# [About this task]
Exact transcription begins at the first line of the material below and ends with the line holding "Economist Intelligence Unit (2006-2024)"; pictures are skipped.

# [Dataset records]
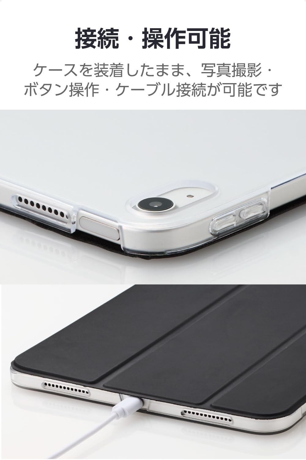 ■ケースを装着したままで画面の確認、充電、各種ボタン操作が可能です。
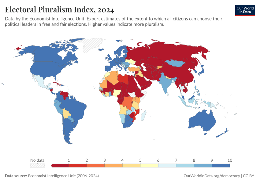 Economist Intelligence Unit (2006-2024) – processed by Our World in Data. “Electoral Pluralism Index” [dataset]. Economist Intelligence Unit, “Democracy Index 2021: The China challenge”; Economist Intelligence Unit, “Democracy Index 2022: Frontline democracy and the battle for Ukraine”; Economist Intelligence Unit, “Democracy Index 2023: Age of Conflict”; Economist Intelligence Unit, “Democracy Index 2024: What's wrong with representative democracy?”; Gapminder, “Democracy Index v4”; Various sources, “Population” [original data]. Retrieved January 6, 2026 from https://sophia-test-2.owid.pages.dev/grapher/electoral-pluralism-index-eiu
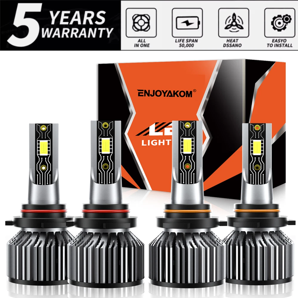 Number of Bulbs: 4 EAN: Does not apply Placement on Vehicle: Front, Left, Right Wattage: 150W Other Available Type: Foglight Kit Application 1: For Headlight High Low Beam/led bulbs car headlights UPC: 161400256357 Application 2: led headlights for car &led bulb light bulbs Feature 2: light bulbs & leds/Light Bulbs Combo Kit Voltage: 9V-36V Lumens: 26000lm Country/Region of Manufacture: United States Lighting Type: Specialty Head Light Bulb More LED Kit We Have 2: H4/9003/HB2 9004/HB1 9007/HB5 9008/H13 D1/D1S D2/D2S D3S D4S Interchange Part Number: 9005 High beam + 9006 Low beam More LED Kit We Have 1: 9005 9006 HB3 HB4 H11/H8/H9/H16 9012/HIR2 H1 H7 Chips Type: CSP LED Chips, Super Bright OE/OEM Part Number: 6500K LED Headlights Size: the same as the car original light Other Part Number: HB3 high beam + HB4 low beam gtin13: Does not apply Features: CAN bus Compatible, road Legal, Rust-Resistant Light Color: Cold White Performance Part: Yes Suitable For: High Beam, Headlight, Low Beam MPN: ENJOYAKOM-Headlamp Bulb Manufacturer Warranty: 5 Year Lighting Technology: LED Manufacturer Part Number: 9005+9006 Fit 1: Car, Motorcycle, Motorbike, van, truck, pickup, SUV, vehicles Superseded Part Number: Replacement Halogen Xenon Led Light Bulbs Bulb Life Hours: Up to 50000 Hours More LED Kit We Have 3: 9005/9145/H10/9140 5202/2504 880/892/893/899 881/898/889/894 H3 Model: LED Headlight Conversion Kit Fit 2: Easy Installation, Heat Resistant, Higher brightness/Super Bright White To Fit: Headlight Vintage Part: Yes Brand: ENJOYAKOM Type: Headlight Kit Sealed Housing: IP68, Shockproof, Dustproof & Waterproof Ballast Included: Yes Bulb Fitment Code: 9005/HB3 + 9006/HB4 Fitment Type: Direct Replacement Material: Aviation 6063 aluminum profile Color Temperature: 6500K Universal Fitment: Yes
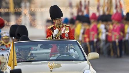 當(dāng)天下午,泰國(guó)首都曼谷的五世王廣場(chǎng)一帶張燈結(jié)彩,每年一度的慶祝國(guó)王生日閱兵典禮在這里隆重舉行。接受檢閱的泰國(guó)各兵種官兵在武裝部隊(duì)總司令的帶領(lǐng)下向國(guó)王宣誓效忠。國(guó)王隨后發(fā)表了簡(jiǎn)單講話,希望軍隊(duì)保持團(tuán)結(jié),為維護(hù)國(guó)家和人民利益發(fā)揮積極作用。
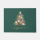 Conçu spécialement pour la saison des fêtes, ce joli tapis porte un élégant sapin de Noël fleuri aux teintes aquarelles de bordeaux, d'orange, de rose, de blanc et de vert.Un arrière - plan contrastant bleu-vert foncé a un texte doré réjouissant pour accueillir joyeusement les invités à votre maison.
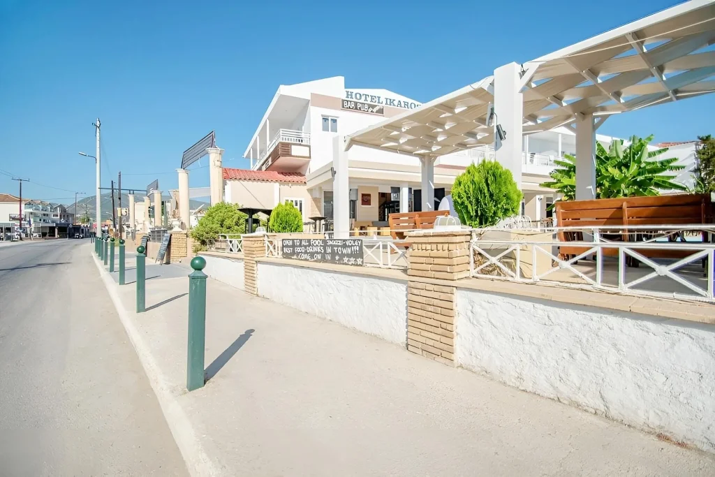 Hotelul Ikaros este situat la 4 km de aeroportul internațional Zakynthos și la 7 km de orașul și portul Zakynthos. Satul Argassi, cu plaja sa de nisip, se găsește la 10 km. ÃŽn apropiere există o parcare publică gratuită.
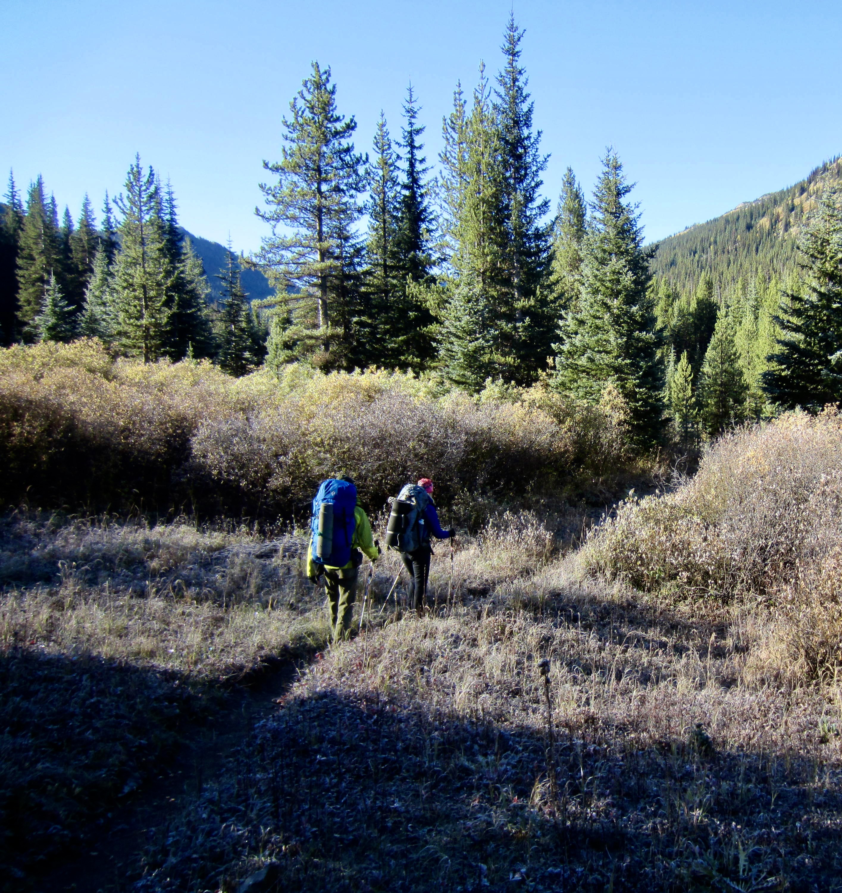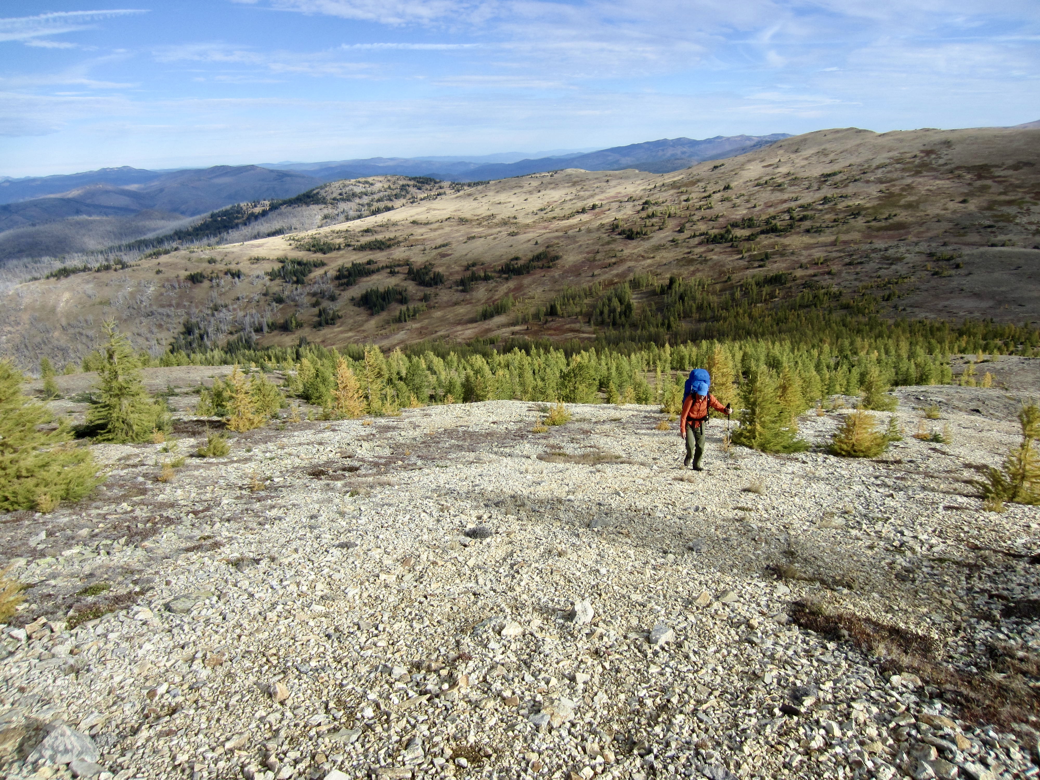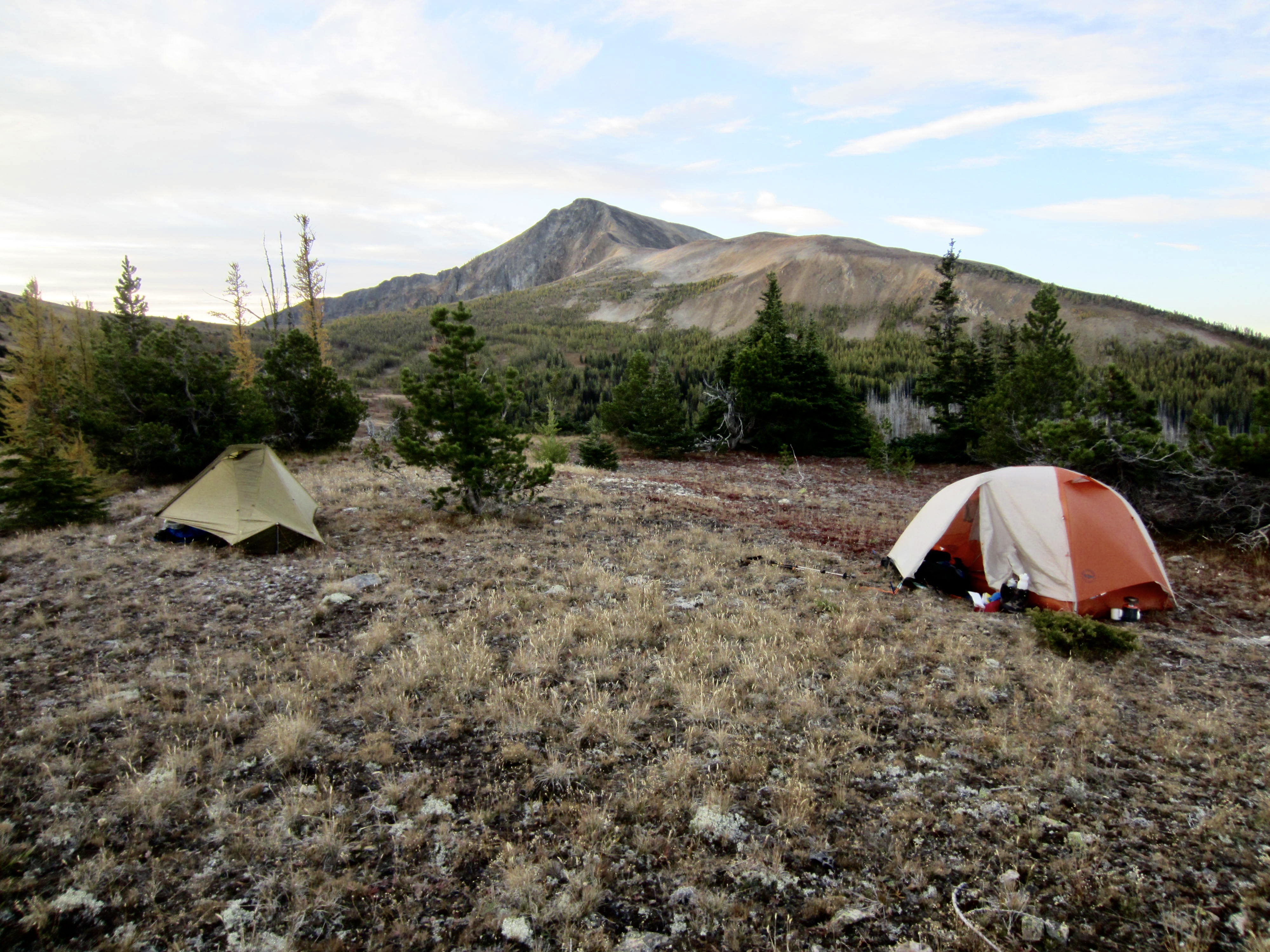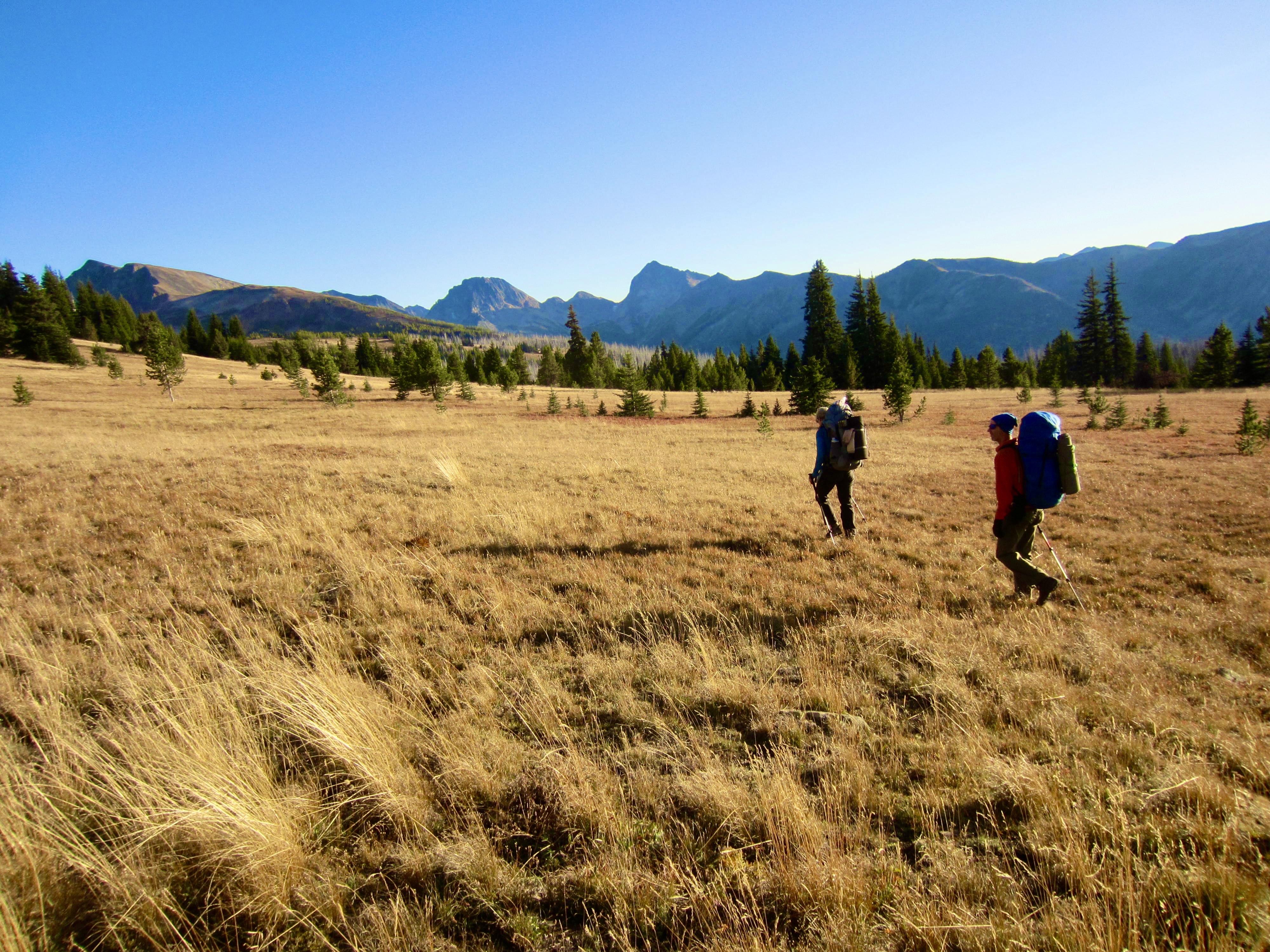 The night had been cold and clear, but clouds drifted over throughout the morning. From our camp on Tamarack Ridge, we contoured into a large, grassy basin at the head of Tamarack Creek. Here, we were happy to find a small creek that allowed us to refill our empty water bottles. This basin would provide a nice campsite without the need to haul water up from Lease Creek.

# [Your solution]
 ■ケースを装着したままで画面の確認、充電、各種ボタン操作が可能です。
 Economist Intelligence Unit (2006-2024) – processed by Our World in Data. “Electoral Pluralism Index” [dataset]. Economist Intelligence Unit, “Democracy Index 2021: The China challenge”; Economist Intelligence Unit, “Democracy Index 2022: Frontline democracy and the battle for Ukraine”; Economist Intelligence Unit, “Democracy Index 2023: Age of Conflict”; Economist Intelligence Unit, “Democracy Index 2024: What's wrong with representative democracy?”; Gapminder, “Democracy Index v4”; Various sources, “Population” [original data]. Retrieved January 6, 2026 from https://sophia-test-2.owid.pages.dev/grapher/electoral-pluralism-index-eiu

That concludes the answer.